> **EXERCISE GOAL**: Transcribe every entry verbatim; omit pictures.

MATERIAL SUPPLIED Block Start

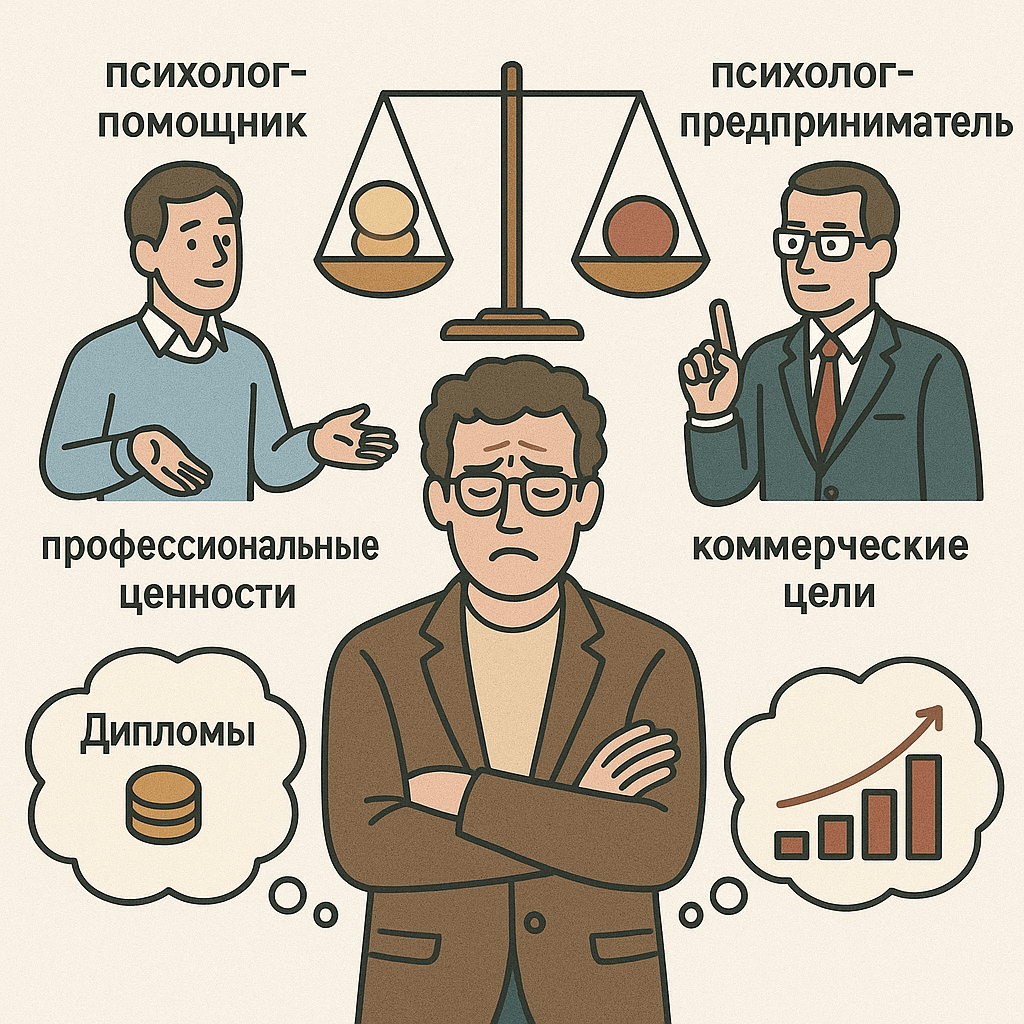 Многие психологи выбрали профессию из-за желания помогать людям, а не зарабатывать на их проблемах. Исследования показывают, что 71% специалистов испытывают внутренний конфликт между коммерческими целями и профессиональной этикой.
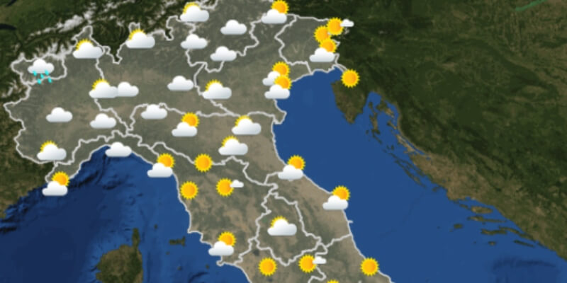 Secondo il servizio meteorologico dell’Aeronautica militare, sabato 24 luglio in Italia sarà una giornata dal tempo prevalentemente sereno o poco nuvoloso al Centro-Sud e molto nuvoloso con piogge sparse al Nord. Al mattino il cielo sarà coperto in Piemonte, Liguria di Levante, Lombardia e Trentino e pioverà in Valle d’Aosta. Nel pomeriggio le piogge si estenderanno al Piemonte e al Trentino, dove la sera ci saranno temporali, previsti nella notte anche in Valle d’Aosta.
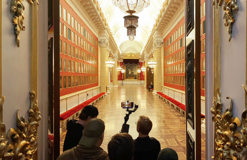 Зйомки проходили в понеділок, коли Ермітаж не приймає відвідувачів. Через специфіку майданчики, на якій не можна використовувати професійну важку техніку, у команди не було жодної повноцінної репетиції - довелося імпровізувати. Всі члени знімальної групи були одягнені в спеціальні чорні костюми з Балаклави, щоб не відбиватися від скляних поверхонь.
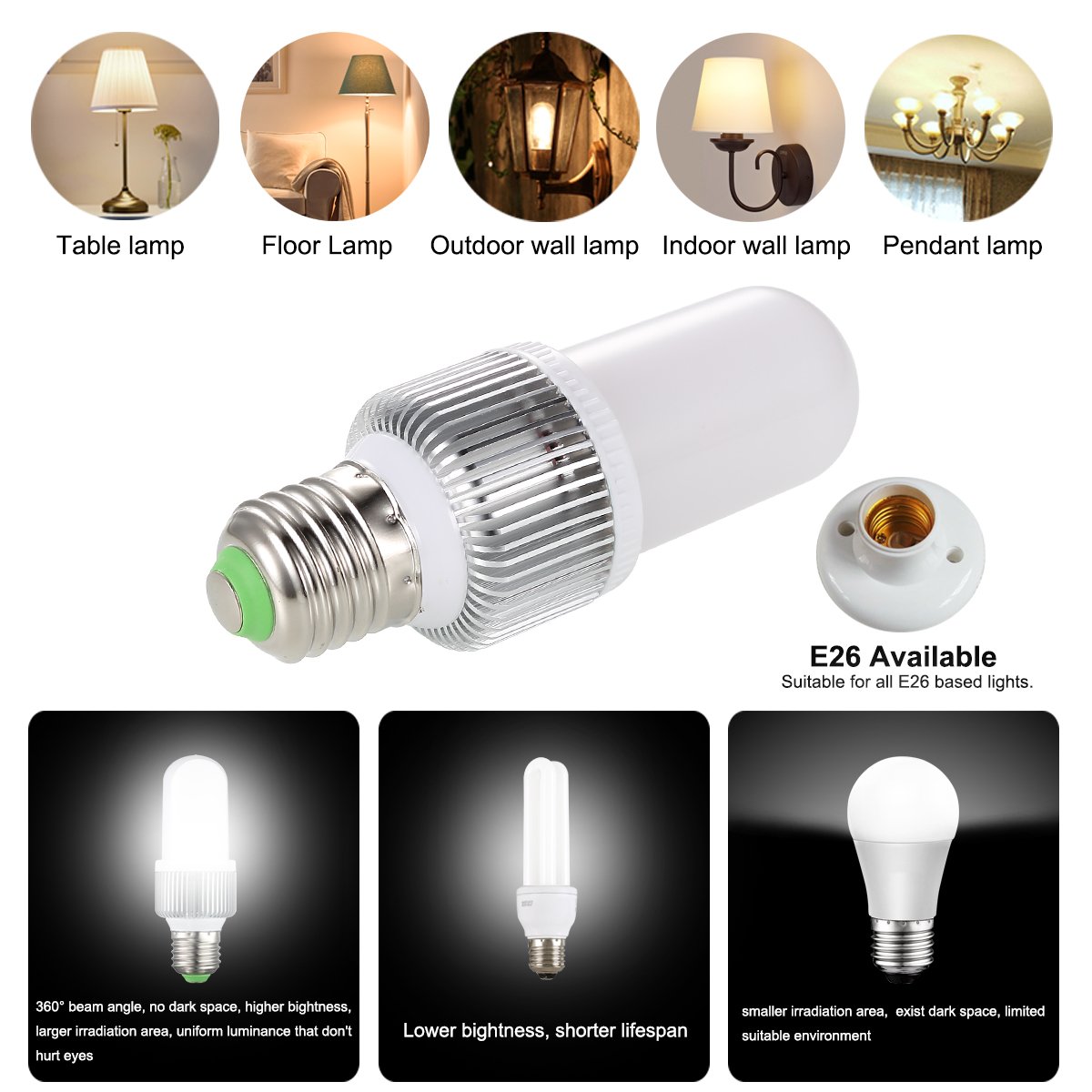 Eliminate electricity bill: Power consumption is equivalent to 9w, 75w incandescent light bulb, it saves about 80% energy and electricity cost compared with fluorescent lamp.
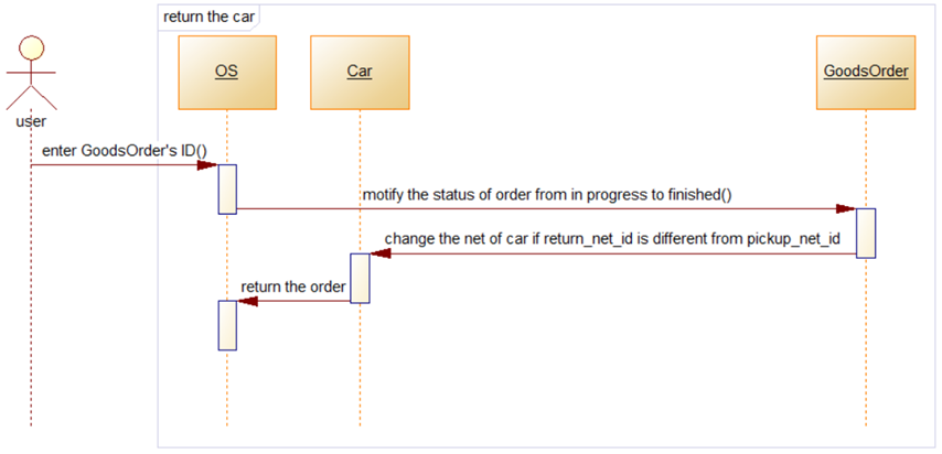 (4)用户在租车的时候可以选择“本店还车”或是“异店还车”,如果是“本店还车”,首页的还车网点自动保持与提车网点一致;如果是“异店还车”,用户在完成订单后系统自动将该车辆的所在网点改成还车网点,实现车辆调拨。
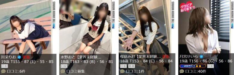 | 女の子の年齢層 | 10代後半〜20代 | 10代〜20代 | 10代〜20代 | 30代〜50代 | 10代〜30代 | 10代〜20代 | 20代〜40代 | 10代〜30代 | 10代〜30代 | 10代〜20代 |
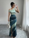 Rafferiza 不对称领口无袖开衩下摆紧身中长连衣裙
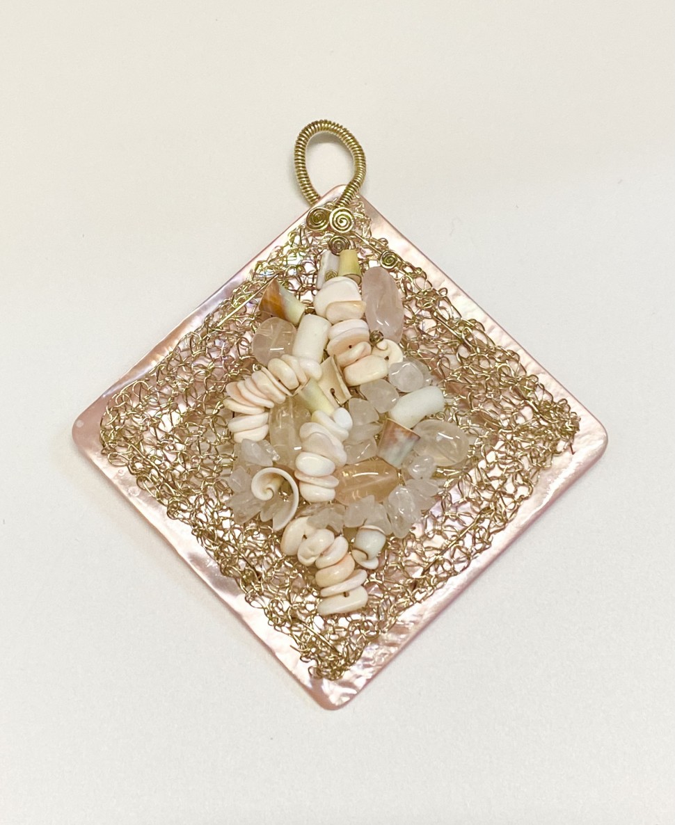 Pendente donna Omnia fatto interamente a mano con madreperla, argento 925 e quarzo rosa.

MATERIAL SUPPLIED Block End

> **ANSWER FOR THIS EXERCISE**:
 Многие психологи выбрали профессию из-за желания помогать людям, а не зарабатывать на их проблемах. Исследования показывают, что 71% специалистов испытывают внутренний конфликт между коммерческими целями и профессиональной этикой.
 Secondo il servizio meteorologico dell’Aeronautica militare, sabato 24 luglio in Italia sarà una giornata dal tempo prevalentemente sereno o poco nuvoloso al Centro-Sud e molto nuvoloso con piogge sparse al Nord. Al mattino il cielo sarà coperto in Piemonte, Liguria di Levante, Lombardia e Trentino e pioverà in Valle d’Aosta. Nel pomeriggio le piogge si estenderanno al Piemonte e al Trentino, dove la sera ci saranno temporali, previsti nella notte anche in Valle d’Aosta.
 Зйомки проходили в понеділок, коли Ермітаж не приймає відвідувачів. Через специфіку майданчики, на якій не можна використовувати професійну важку техніку, у команди не було жодної повноцінної репетиції - довелося імпровізувати. Всі члени знімальної групи були одягнені в спеціальні чорні костюми з Балаклави, щоб не відбиватися від скляних поверхонь.
 Eliminate electricity bill: Power consumption is equivalent to 9w, 75w incandescent light bulb, it saves about 80% energy and electricity cost compared with fluorescent lamp.
 (4)用户在租车的时候可以选择“本店还车”或是“异店还车”,如果是“本店还车”,首页的还车网点自动保持与提车网点一致;如果是“异店还车”,用户在完成订单后系统自动将该车辆的所在网点改成还车网点,实现车辆调拨。
 | 女の子の年齢層 | 10代後半〜20代 | 10代〜20代 | 10代〜20代 | 30代〜50代 | 10代〜30代 | 10代〜20代 | 20代〜40代 | 10代〜30代 | 10代〜30代 | 10代〜20代 |
 Rafferiza 不对称领口无袖开衩下摆紧身中长连衣裙
 Pendente donna Omnia fatto interamente a mano con madreperla, argento 925 e quarzo rosa.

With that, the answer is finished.